Mon père aura marché toute sa vie : au catéchisme, à l’école, au moulin à scie de son père, sans compter sa marche sur la voie ferrée de Morin-Heights à Monfort, ce qui lui a permis de rencontrer Marie-Rose, qui allait devenir sa femme en 1933. Et, ses allées et venues entre la maison de Mont-Rolland et le barrage, qu’il a construit de ses mains en 1942, pour aller ouvrir l’eau, et, après avoir travaillé quelques heures, y remonter pour fermer l’eau cette fois.
Déménagé à Sainte-Adèle, il en arpentera tous les recoins, dès potron-minet*.
Direction : les écuries du Chanteclerc. Toute une trotte puisqu’il habite chemin Notre-Dame, juste en face de l’ancien couvent des dames de la Congrégation, maintenant une RPA. Il n’oublie jamais d’arrêter saluer M. Desjardins, le boulanger du Vieux-Four, qui lui offre le café et parfois une brioche aux raisins bien chaude.
Autre direction, le pit de sable presque au bout du chemin Notre-Dame, traversée sur un petit pont où la Doncaster et la rivière du Nord ne font plus qu’une, et retour par l’ancienne voie ferrée du P’tit train du Nord. Salutations à d’anciens compatriotes de Mont-Rolland et retour à Sainte-Adèle, « par en arrière ». Il n’a jamais aimé le boulevard. Trop bruyant; il n’y entend pas les tourterelles tristes qui le saluent au passage quand il emprunte un sentier qui le ramène chez lui.
Un matin d’avril 2004, il ne revient pas à la maison. Il n’est pas en promenade, mais à la messe, où il s’est effondré.
À partir de là, et pour l’année et demie qui a suivi, sa vie n’a plus de couleur ni d’odeur. Hospitalisé à Saint-Jérôme, pour son malheur, puis transféré dans une résidence à Montréal, il doit se contenter de marcher dans le petit parc au coin de Saint-Laurent et de Saint-Joseph, tous les jours, appuyé au bras de l’un de ses fils ou d’un ami de son fils.
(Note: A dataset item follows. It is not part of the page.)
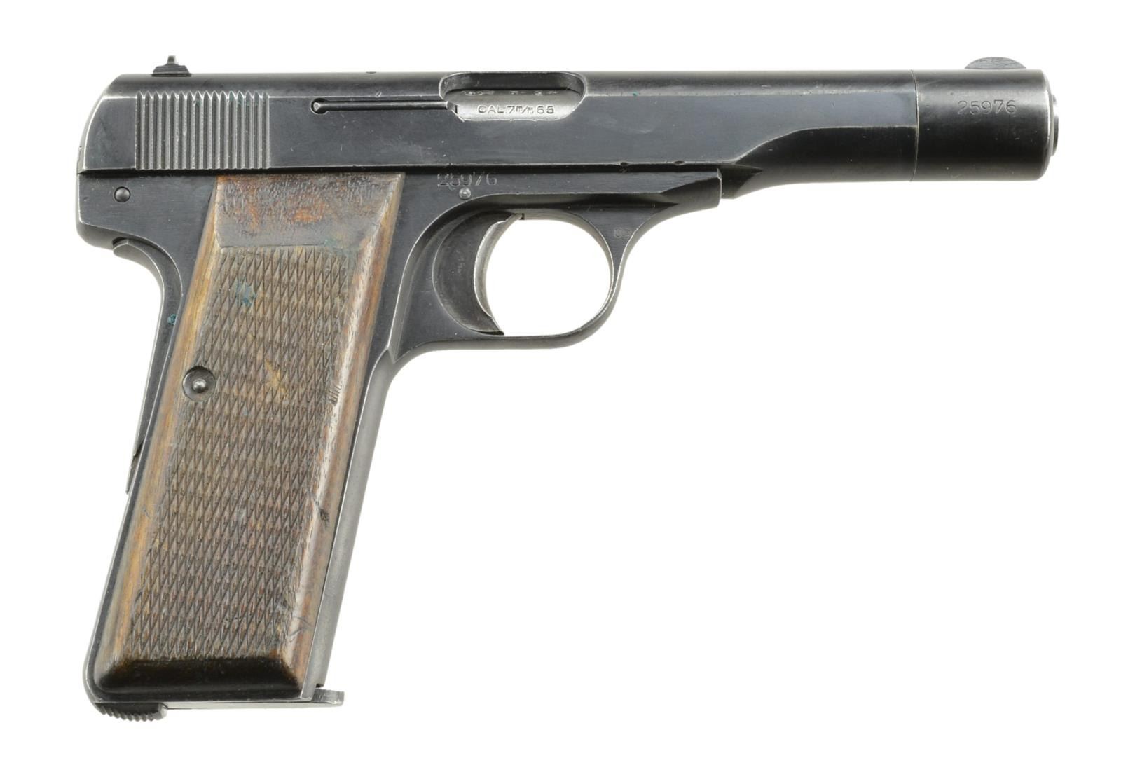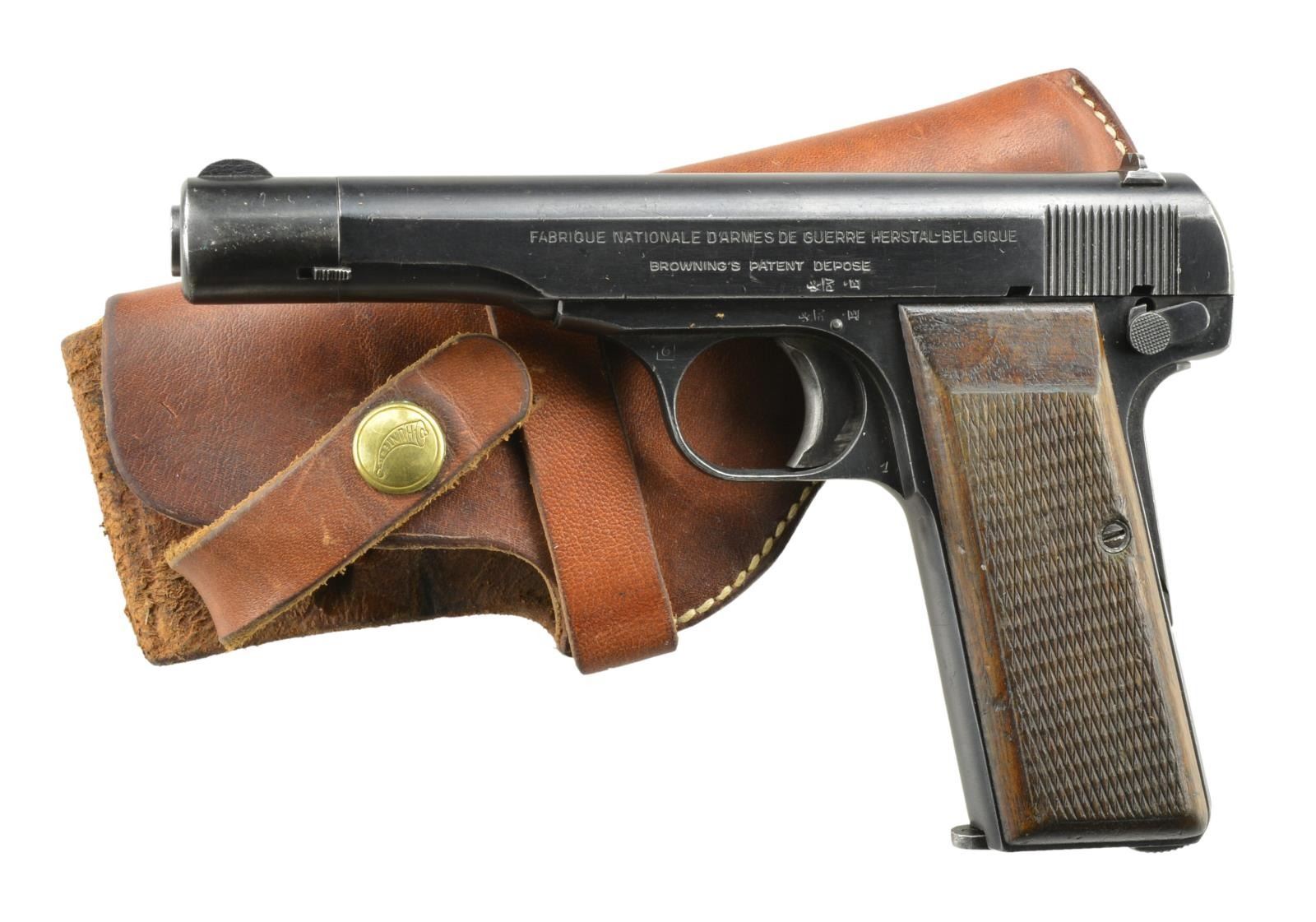 Cal. 7.65mm (32 ACP). S# 25976. Matching numbered 4 1/2" bbl., slide & bbl. lug. Slide, frame & bbl. have Belgian 1926 proofs. Blue finish. Pistol features flanged trigger, grip safety,, butt mag. release & mag. disconnect safety. 2 Piece checkered wood grips. MAGS: 1-9 rd. UNATTACHED ACCESSORIES: Hunter brown leather holster in good used condition. CONDITION: good overall w/ handling marks. Fading blue w/ wear at muzzle w/ pinprick oxidation. Good grips. Very good bore. (22-978/MD). CURIO. $300-450.

Il ne reverra jamais Marie-Rose, sa femme, à cause d’une épidémie de la bactérie C. difficile. Elle l’attrapera elle aussi et mourra dans des circonstances inhumaines à l’urgence de l’hôpital Fleury, qui la considérera comme une « vieille » de 97 ans, qui n’est bonne qu’à mourir, en août 2004.
Je me trompe… Il a revu Marie-Rose dans son cercueil, à Sainte-Adèle, le jour de ses funérailles. Il lui a tenu la main tout en récitant un Notre Père et un Je vous salue Marie pour le repos de son âme.
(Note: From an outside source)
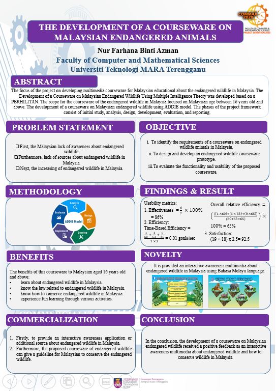 The focus of the project on developing multimedia courseware for Malaysian educational about the endangered wildlife in Malaysia. The development of a courseware on Malaysian endangered wildlife using multiple intelligence theory was developed based on a PERHILITAN. The scope for the courseware of the endangered wildlife in Malaysia focused on Malaysian age between 16 years old and above. The development of a courseware on Malaysian endangered wildlife using ADDIE model. The phases of the project framework consist of initial study, analysis, design, development, evaluation, and reporting. The development of a courseware on Malaysian endangered wildlife using multiple intelligence theory based on visual intelligence, intrapersonal intelligence, logical/mathematical intelligence, and naturalist intelligence. The delivery of content method using CD based. The functionality and usability of the courseware evaluated and tested for the Malaysian age between 16 years old and above.

Le soir, il dira à une préposée : « Ma femme est morte. Heureusement, il me reste mes gars. »
*Une expression qu’il n’a jamais utilisée, mais que son fils emploie à cause de son amour immodéré des chats.
Très touchant. Merci
Merci. C’est gentil. J’essaie de faire revivre certains souvenirs de mes Laurentides et de ma famille.